§ Task
Would you print the lines below exactly, beginning at the line that has "Children in swim" and stopping after the line that has "Polident Anti-Bactérien, comprimés"? Only those lines, and no pictures.

──────── Stored data ────────

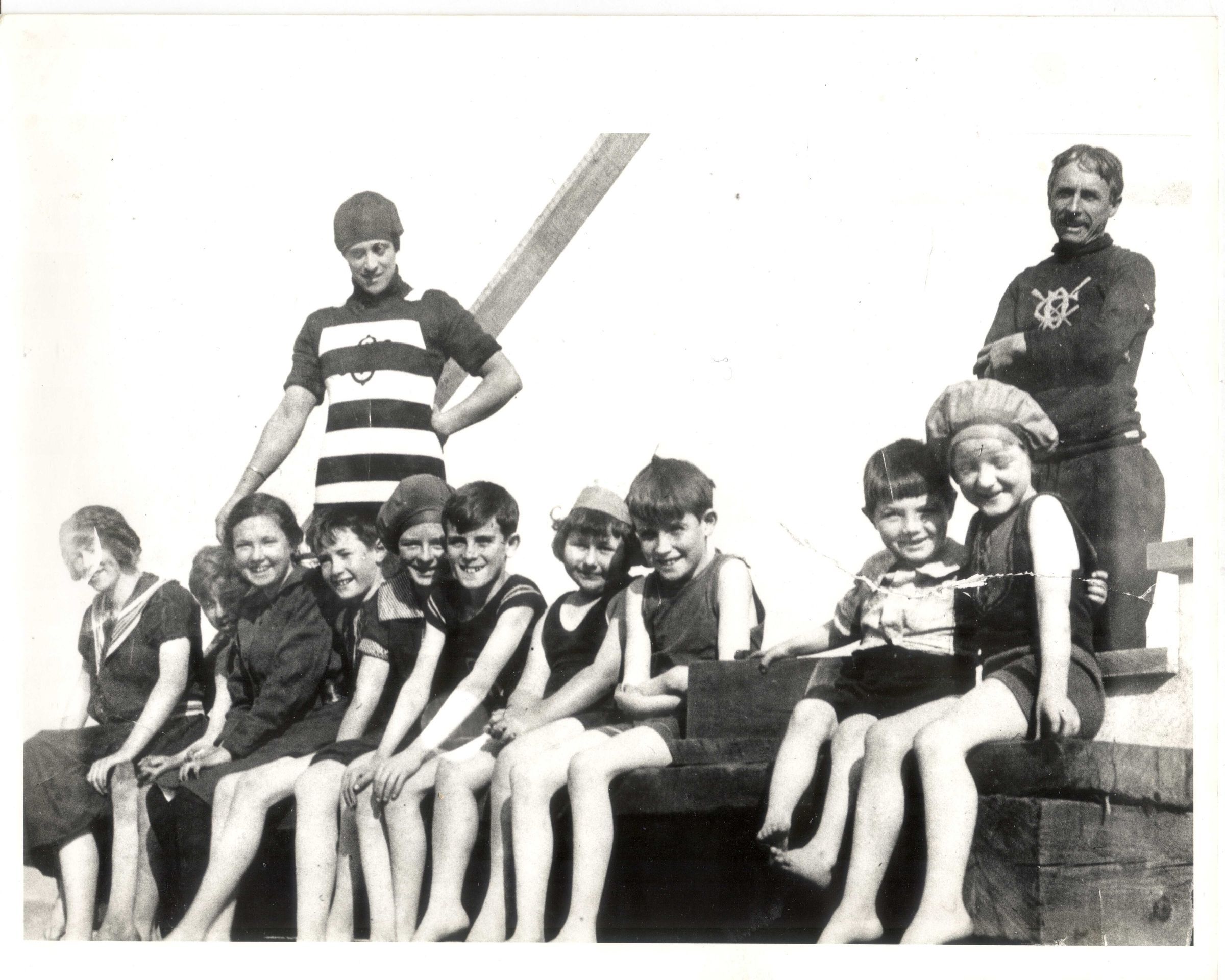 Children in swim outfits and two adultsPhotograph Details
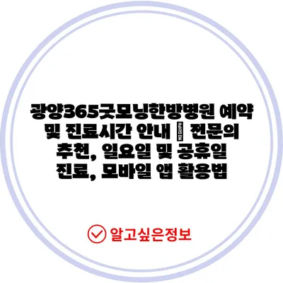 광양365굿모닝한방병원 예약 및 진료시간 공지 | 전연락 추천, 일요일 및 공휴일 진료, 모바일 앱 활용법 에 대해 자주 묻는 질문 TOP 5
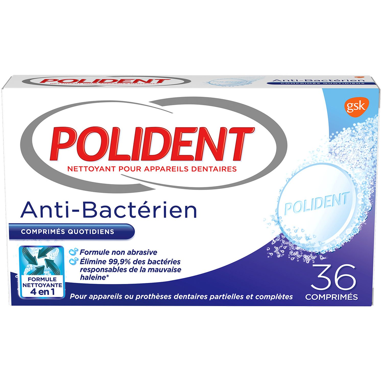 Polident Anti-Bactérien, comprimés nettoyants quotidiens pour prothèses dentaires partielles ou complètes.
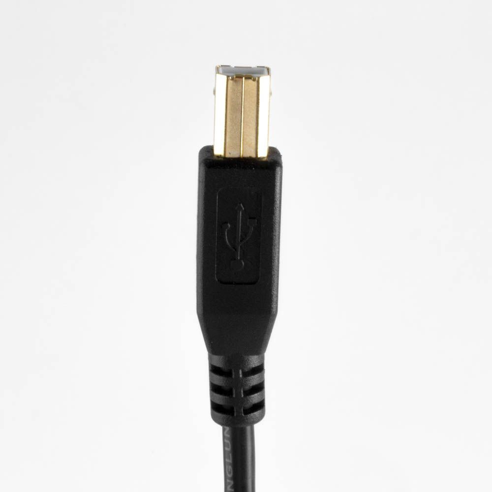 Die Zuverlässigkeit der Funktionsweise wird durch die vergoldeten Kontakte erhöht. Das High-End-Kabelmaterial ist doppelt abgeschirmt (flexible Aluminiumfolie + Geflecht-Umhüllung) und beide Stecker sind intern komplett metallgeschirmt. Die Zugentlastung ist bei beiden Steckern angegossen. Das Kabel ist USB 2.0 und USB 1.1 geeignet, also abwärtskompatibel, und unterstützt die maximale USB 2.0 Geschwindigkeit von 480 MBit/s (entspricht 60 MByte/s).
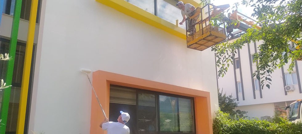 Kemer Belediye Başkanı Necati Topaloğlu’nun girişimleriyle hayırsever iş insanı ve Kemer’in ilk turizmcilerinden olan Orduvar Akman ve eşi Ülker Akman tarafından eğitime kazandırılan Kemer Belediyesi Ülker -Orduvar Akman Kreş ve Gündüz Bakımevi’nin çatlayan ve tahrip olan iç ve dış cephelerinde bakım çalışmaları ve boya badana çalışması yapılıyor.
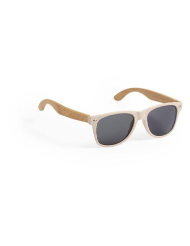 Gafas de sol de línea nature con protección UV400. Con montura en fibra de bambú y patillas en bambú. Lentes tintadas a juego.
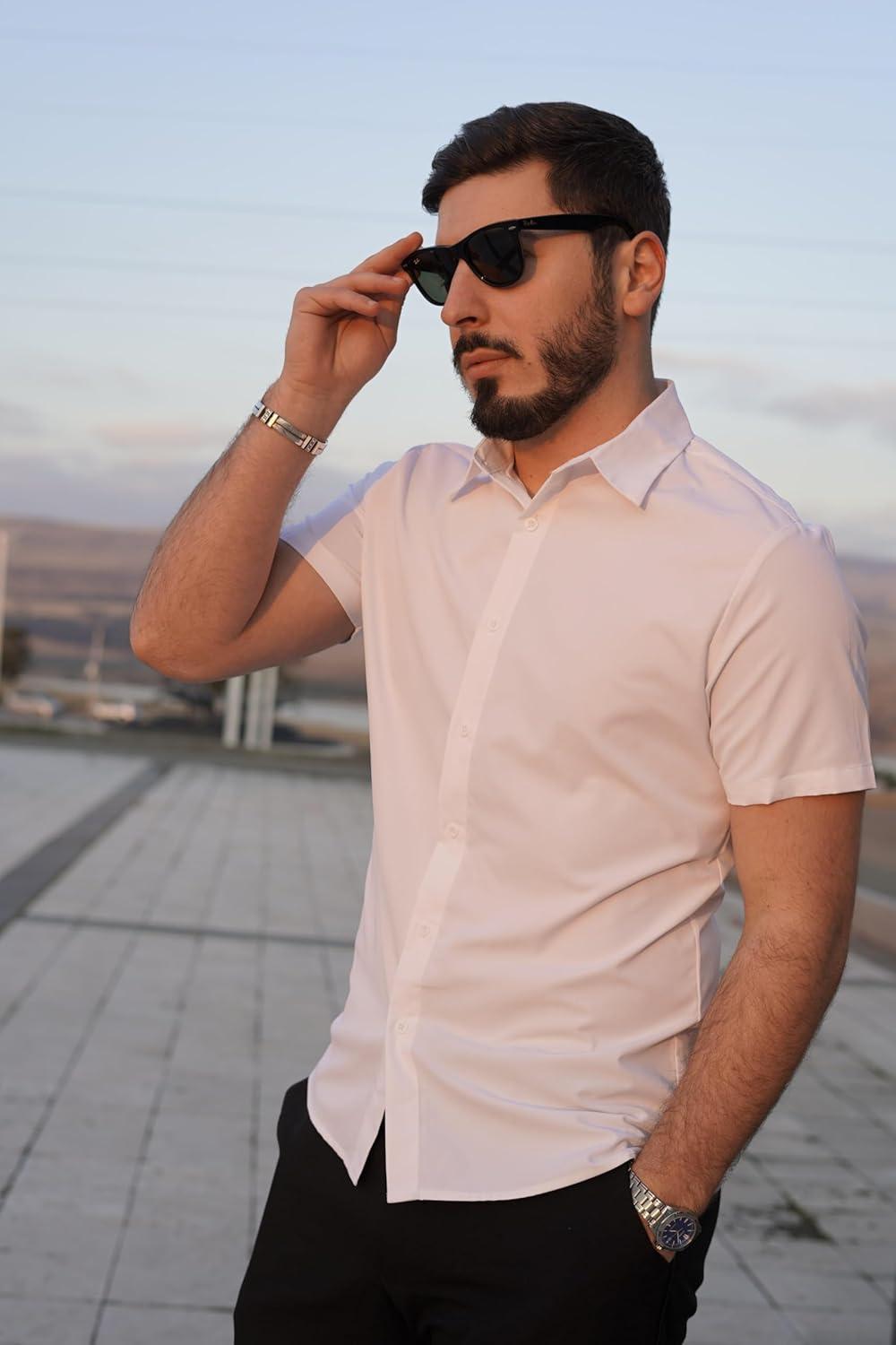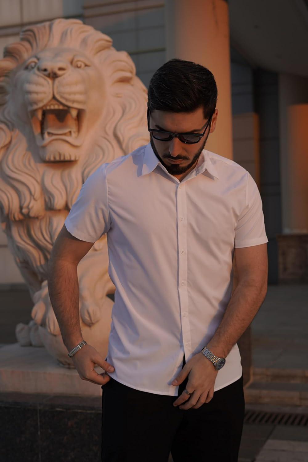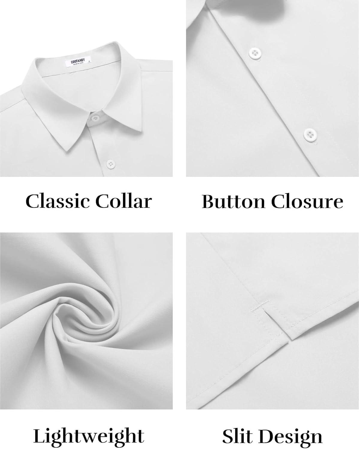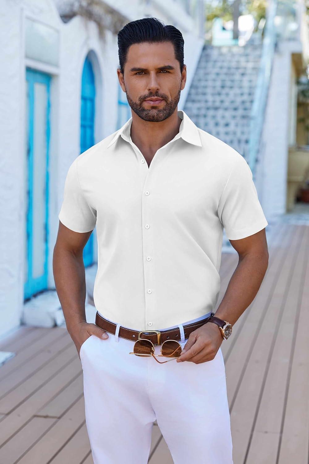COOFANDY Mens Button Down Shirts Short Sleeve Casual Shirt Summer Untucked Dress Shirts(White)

────────
──────── Stored data ────────

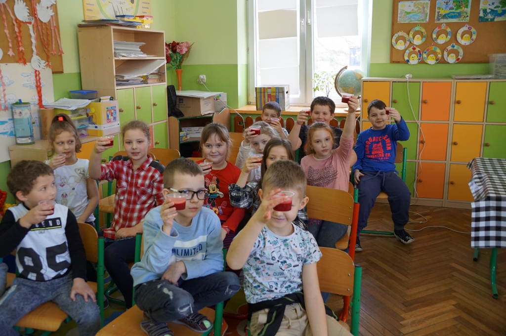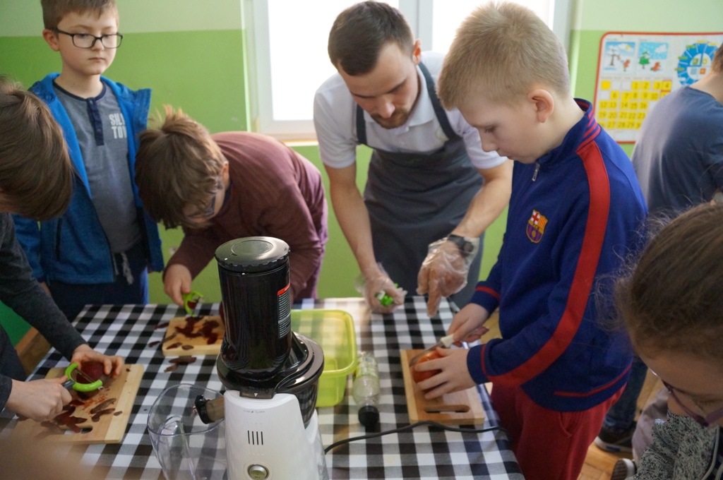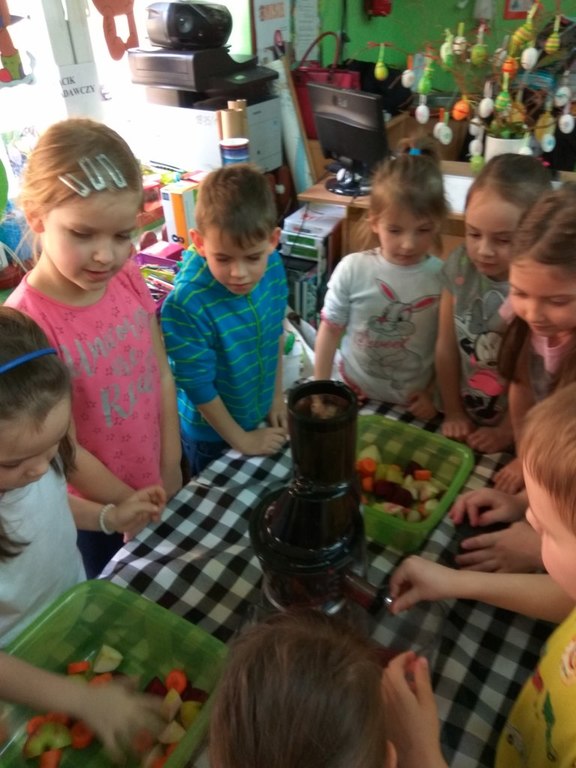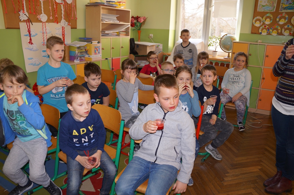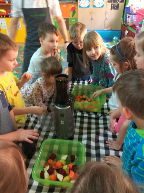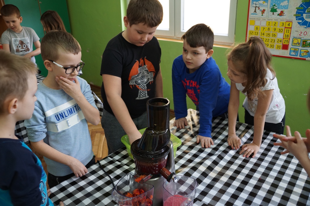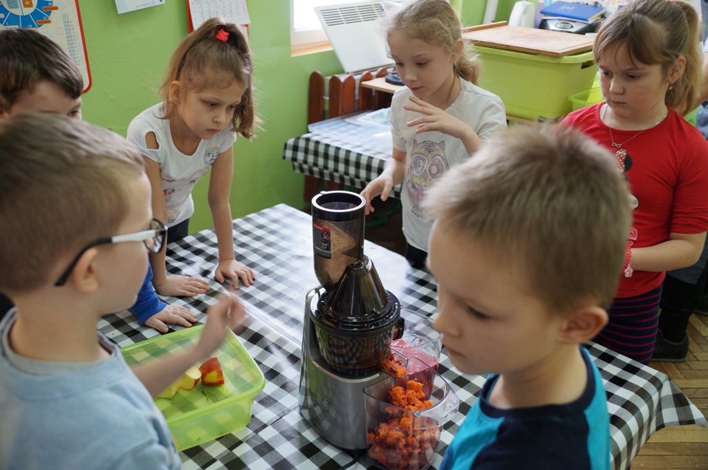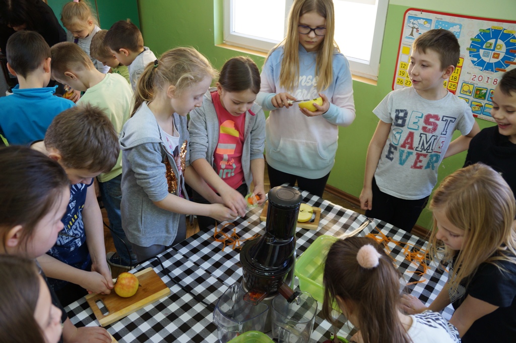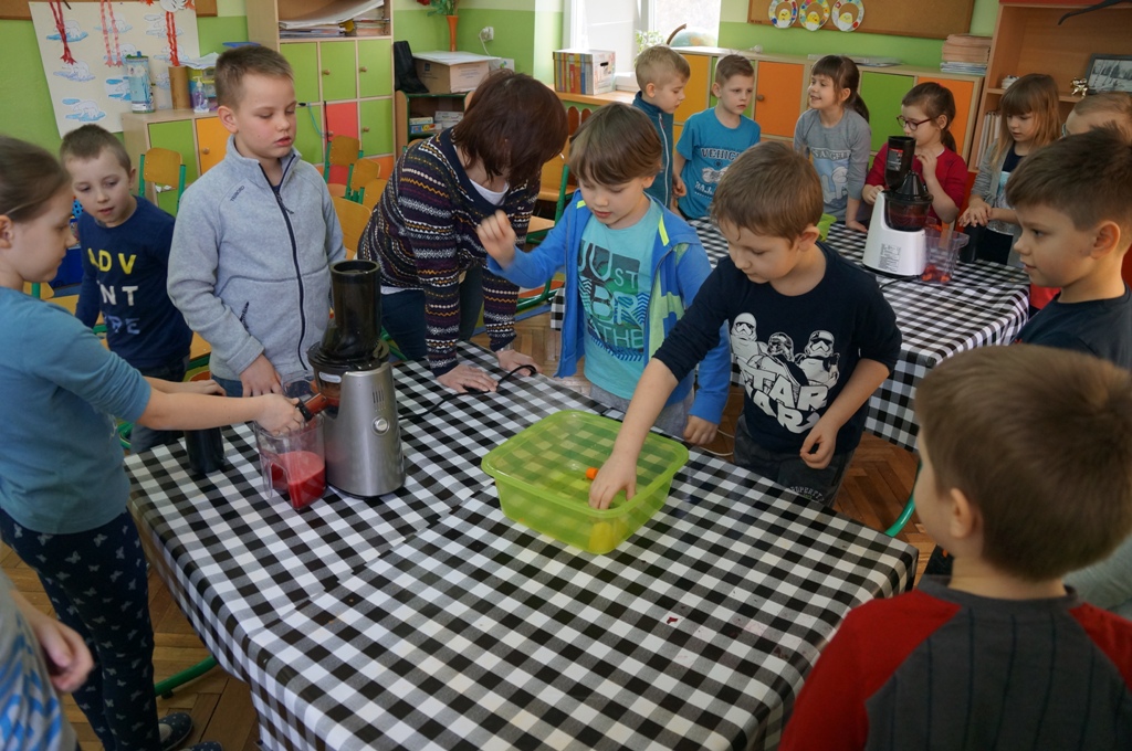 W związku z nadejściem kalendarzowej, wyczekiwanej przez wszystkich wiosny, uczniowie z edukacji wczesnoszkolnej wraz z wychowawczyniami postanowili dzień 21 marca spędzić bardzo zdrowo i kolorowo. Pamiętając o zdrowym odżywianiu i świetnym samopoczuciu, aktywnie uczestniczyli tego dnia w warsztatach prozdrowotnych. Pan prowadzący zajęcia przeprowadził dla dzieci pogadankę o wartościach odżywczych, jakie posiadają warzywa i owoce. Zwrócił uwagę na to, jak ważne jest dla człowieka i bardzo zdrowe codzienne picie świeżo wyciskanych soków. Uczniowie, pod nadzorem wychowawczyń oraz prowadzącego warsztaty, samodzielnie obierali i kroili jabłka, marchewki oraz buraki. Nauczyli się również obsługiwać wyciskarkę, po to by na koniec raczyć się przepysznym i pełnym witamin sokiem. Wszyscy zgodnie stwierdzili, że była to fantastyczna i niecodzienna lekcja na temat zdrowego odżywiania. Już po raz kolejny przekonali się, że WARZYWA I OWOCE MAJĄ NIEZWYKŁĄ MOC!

────────
──────── Stored data ────────

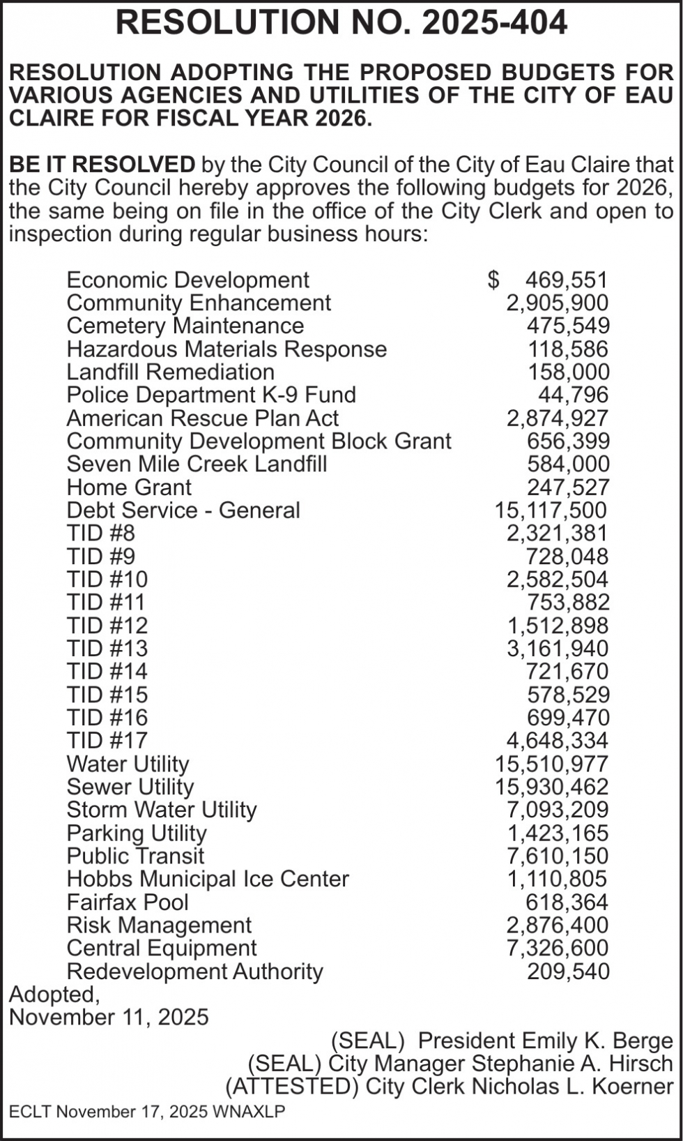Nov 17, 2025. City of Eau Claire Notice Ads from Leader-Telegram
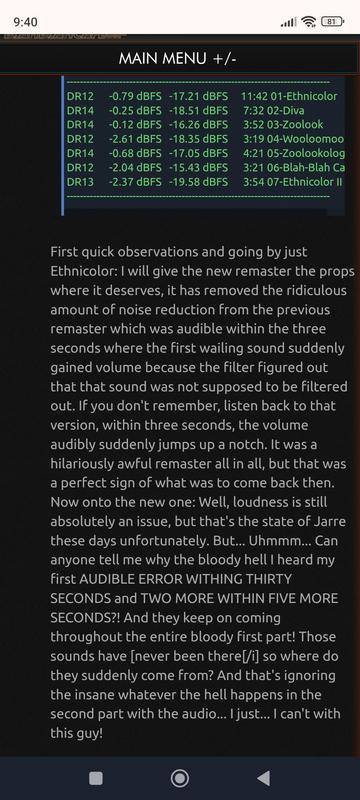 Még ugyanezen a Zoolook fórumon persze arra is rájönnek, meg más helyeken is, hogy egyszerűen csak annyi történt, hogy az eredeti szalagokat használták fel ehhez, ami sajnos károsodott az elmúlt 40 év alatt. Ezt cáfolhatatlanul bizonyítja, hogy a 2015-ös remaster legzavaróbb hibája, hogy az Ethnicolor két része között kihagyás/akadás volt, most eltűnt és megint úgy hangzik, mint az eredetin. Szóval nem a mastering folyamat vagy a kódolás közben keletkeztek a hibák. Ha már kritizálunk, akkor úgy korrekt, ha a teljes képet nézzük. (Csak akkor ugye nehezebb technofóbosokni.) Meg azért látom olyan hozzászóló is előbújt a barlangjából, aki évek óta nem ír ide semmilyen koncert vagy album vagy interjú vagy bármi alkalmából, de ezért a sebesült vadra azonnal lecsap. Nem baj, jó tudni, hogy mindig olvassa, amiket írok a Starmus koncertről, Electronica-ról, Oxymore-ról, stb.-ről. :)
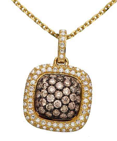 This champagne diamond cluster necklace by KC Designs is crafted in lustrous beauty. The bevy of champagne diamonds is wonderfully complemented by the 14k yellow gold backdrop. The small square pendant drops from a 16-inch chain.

────────

§ Response
 Children in swim outfits and two adultsPhotograph Details
 광양365굿모닝한방병원 예약 및 진료시간 공지 | 전연락 추천, 일요일 및 공휴일 진료, 모바일 앱 활용법 에 대해 자주 묻는 질문 TOP 5
 Polident Anti-Bactérien, comprimés nettoyants quotidiens pour prothèses dentaires partielles ou complètes.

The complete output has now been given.